Show that $n-m$ is a multiple of 9 when $n$ and $m$ have same digits

Question

I have just proved the divisibility rule for 3 and 9.

Let $n\in\mathbb{N}$. Let $m$ be a number that appears when you shuffle the digits in $n$. Show that $n-m$ is a multiple of 9.

Can anyone offer some help?

Answer 1

The digit sum $s$ of $n$ and $m$ is the same. Since we have $n \equiv s\pmod 9$ and $m \equiv s\pmod 9$ we get $$n-m \equiv s-s \equiv 0 \pmod 9,$$ so $9\mid n-m$ .

Answer 2

We have $$10\equiv 1 \pmod9.$$ By induction we have $$10^n\equiv 1 \pmod9$$ for any $n\in\mathbb N\cup\{0\}$.

Using this you should be able to show $$10^k\equiv10^l\pmod9$$ for any $k,l\in\mathbb N\cup\{0\}$.

Can you get $$a\cdot10^2+b\cdot10+c \equiv b\cdot10^2+c\cdot10+a \pmod 9$$ from this? Can you generalize this to an arbitrary permutation?

Answer 3

I don't want to get drowned in notation. So let's just look at three digit numbers and you can figure out the general case.

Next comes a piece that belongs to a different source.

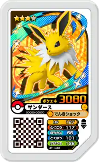 Jolteon (Japanese: サンダース Thunders) is a Grade 3 Pokémon Ga-Olé disk. It is part of the first Grand Rush set.

The most general three digit number would be $n = (d_3 d_2 d_1)_{10} = 100d_3 + 10d_2 + d_1$. Let's let $S(n) = d_1+d_2+d_3$ denote the digit sum of $N$.

Now \begin{align} n - S(n) &= (100d_3 + 10d_2 + d_1) - (d_1+d_2+d_3)\\ &= (100d_3 - d_3) + (10d_2 - d_2) + (d_1 - d_1)\\ &= 99d_3 + 9d_2\\ &= 9(11d_3 + d_2) \end{align}

So 9 divides n - S(n)

Hence 9 divides (m - S(m)) - (n - S(n)) = (S(n) - S(m)) + (m - n)$.

If $m$ is just $n$ with the digits shuffled, then $S(m) - S(n) = 0$.

In which case 9 divides $n - m$.